Affirmative action is the policy of favoring members of a disadvantaged group who currently, or historically, have suffered from oppression or discrimination. In America, this group is mostly composed of Native Americans, African Americans, Latinos, as well as a few other minority groups.
So why does this matter to us, the average high school student? Whether we acknowledge it or not, affirmative action has a huge influence on college admissions. In both an effort to maintain diversity and educational opportunities for historically disadvantaged groups, many colleges and universities have a preference towards such minorities during the admissions process. Thus, a minority student who may not have the same resources as others – be it living in an impoverished area with inadequate schools or being unable to pay for test prep – will be much more likely to be admitted to a college than to a white student with the same grades and application.
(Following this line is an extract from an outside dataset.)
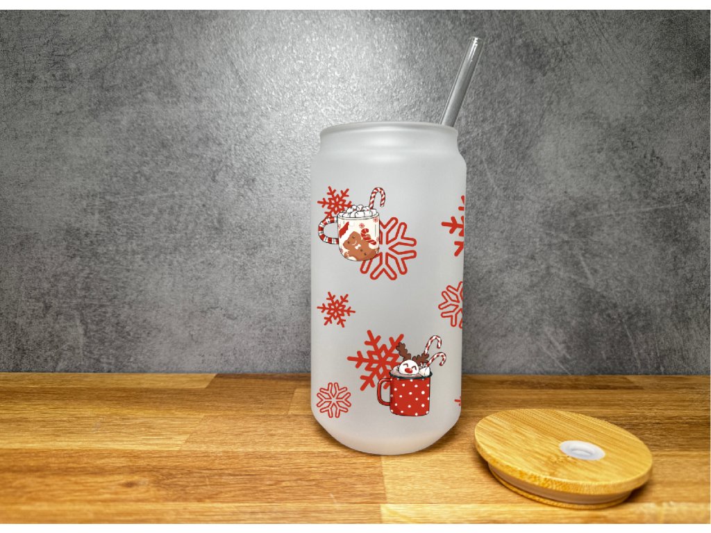 550 ml – matná (kouřová) vánoční sklenička Hot Chocolate Season ☕ Roztomilá sklenice s hrníčky kakaa, sněhovými vločkami a bambusovým víčkem.

But while affirmative action does benefit students who may not have been able to demonstrate their full potential in their high school years due to cultural and historical disadvantages, the policy itself has disadvantaged many motivated and intelligent students from admissions into schools due to their race. Some colleges set a percentage ‘quota’ for the number of students they want to accept of a certain race in order to ensure that they maintain diversity within the student body. This means that a Latino student with poor grades, due to their laziness rather than cultural and societal disadvantages, may have the same or much higher chance of acceptance as a hard-working Asian student with average grades into a certain university. Thus, students are forced to compete ‘within their race’ as they must work to fit into the top 10-20% of their race that their dream school accepts.
So what happens when affirmative action is taken away? In California and Texas, where affirmative action is banned, 7 out of 11 flagship universities including UC Berkeley and Texas A&M reported that enrollment of African American or Latino students either increased or remained the same when they replaced affirmative action with a percent plan based off of socioeconomic and geographical status, among other factors. Thus, schools were able to maintain both their racial and economic diversity without discriminating against particular races.
Affirmative action was created for the purpose of ensuring diversity and allowing equal opportunity for students of all races, especially those that are at a disadvantage. But it appears that the policy has lost sight of its original purpose as it creates exactly what it was implemented for: discrimination. While maintaining diversity and equal opportunity are important, perhaps it’s time to replace affirmative action with an alternate solution.